## Gradient Descent Animation - Simple Linear Regression

Credit 
- [Chris McCormick](https://mccormickml.com/)
- [Arseny Turin](https://medium.com/@arseniytyurin)
- [Tobias Roeschl](https://medium.com/@tobi.roeschl)
- [celluloid](https://pypi.org/project/celluloid/)
- [WolframAlpha](https://www.wolframalpha.com/)

## The Linear Regression Model

**Goal:** find the best fitting, straight line for our data. 

<br>

A straight line in two-dimensional space can be described with the following function: $\large y = w*x+b$ 

> $\large w$: the slope  
> $\large b$: the y-intercept 
 
<br>

There are numerous methods on how to determine the optimal values for $\large w$ and $\large b$ given our $\large n$ data points. 



### MSE 

The gradient descent algorithm that we'll use aims to **minimize** the **mean squared error (MSE)** between observed data points $\large y$ and points we predicted with our regression line $\large \hat{y}$. 

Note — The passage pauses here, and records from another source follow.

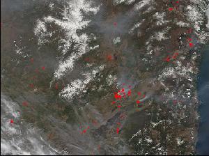 At the southern end of the West Siberia Plain, several large and smoky fires in southern siberia were burning in the area around Novosibirsk on May 19, 2006. This image of the fires (outlined in red) was captured by the MODIS on NASA’s Terra satellite. According to news reports, May 2006 has been hot and dry, with accompanying high fire danger. The West Siberia Plain is a wet region, and it has large amounts of peat. Peat fires can be long-lived and can produce vast amounts of smoke. It is possible that some of the large, smoky fires seen in this image are peat fires.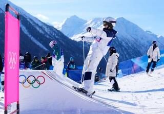 男子モーグルの公式練習で調整する堀島行真(手前)=リビーニョ(共同)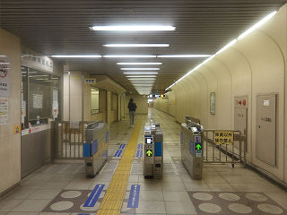 | 北切符売場。券売機を定期券発売機が各2台設置されています。 | 北改札口。改札機は6台。立地の制約か、2方向に分けて設置されています。 | |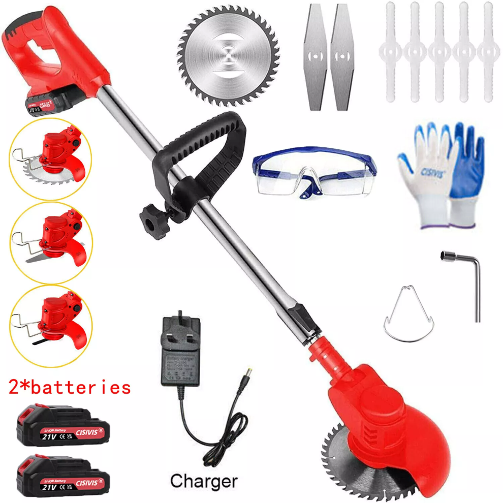 Cordless Strimmer Grass Trimmer Electric Tree Cutter Edger 2 Battery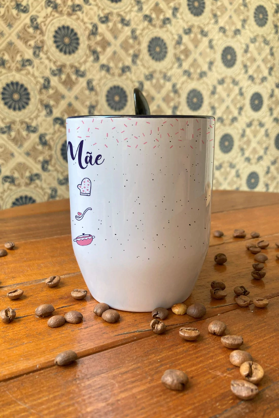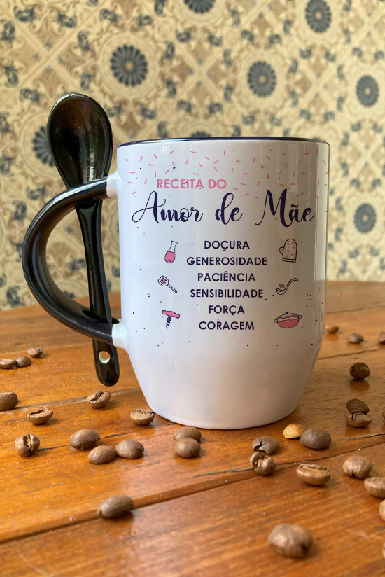 Inspirada na receita mais doce e valiosa que conhecemos, a caneca traz uma estampa que derrete corações. Cada gole do seu café será como um abraço quentinho, repleto de carinho e memórias afetivas.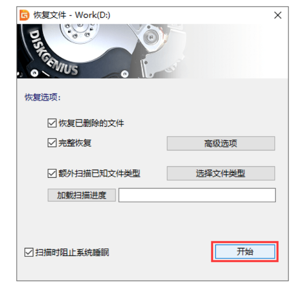 2、我们鼠标点击“开始”按钮进行扫描。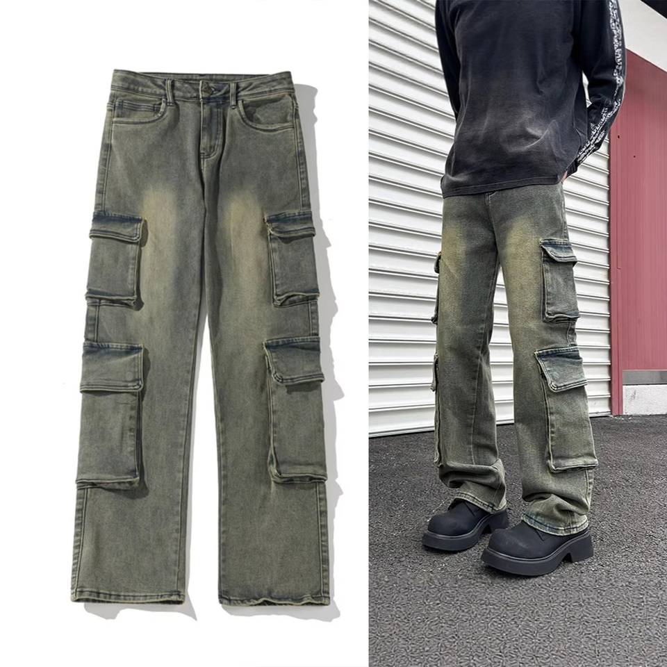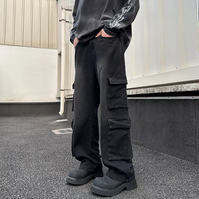 Pantalon en jean ample délavé brodé avec logo personnalisé pour homme – Coupe décontractée mi-haute, jambe large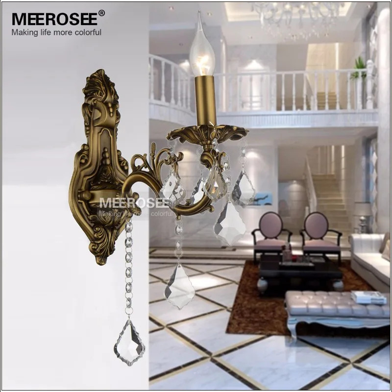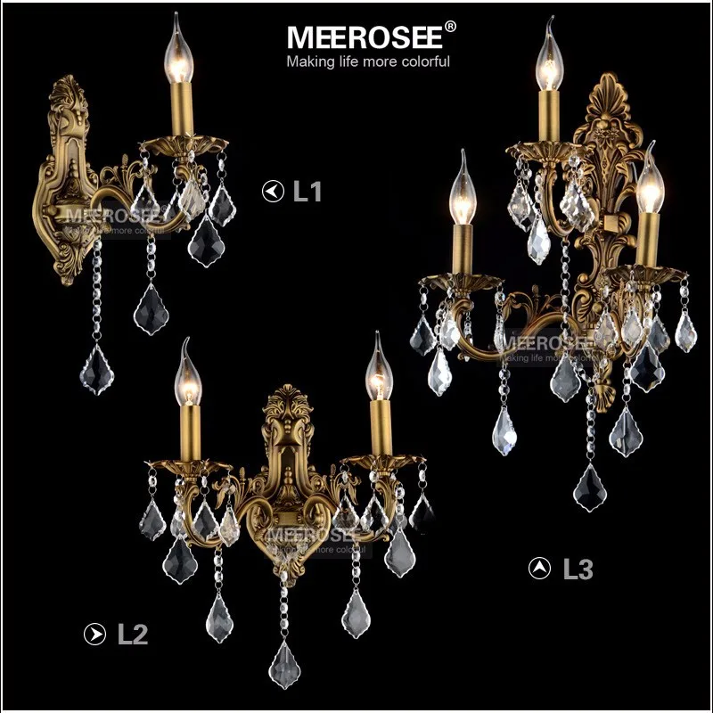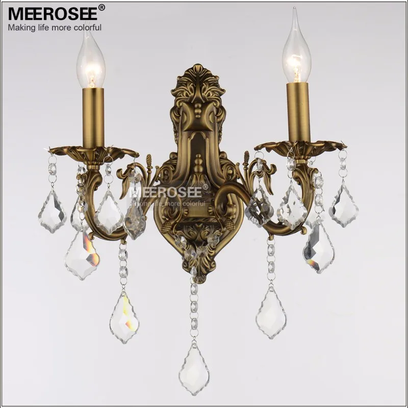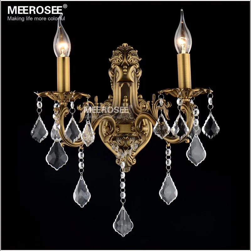 100% Guarantee Crystal Wall Light Brass color Wall Sconces Lamp Bronze Wall Brackets Light for bedroom living room

The mean squared error is also referred to as the **cost function** usually denoted as $\large J$.

![](https://drive.google.com/uc?id=1pob5wjg5ajbS8ok8PfkAIgOgkOr70rzS)


- $\large n$:	number of data points
- $\large y_{i}$: observed values
- $\large \hat{y}_{i}$: predicted values




### Descending the Mountain

Our aim: adjust the parameters until the cost function reaches its minimum. 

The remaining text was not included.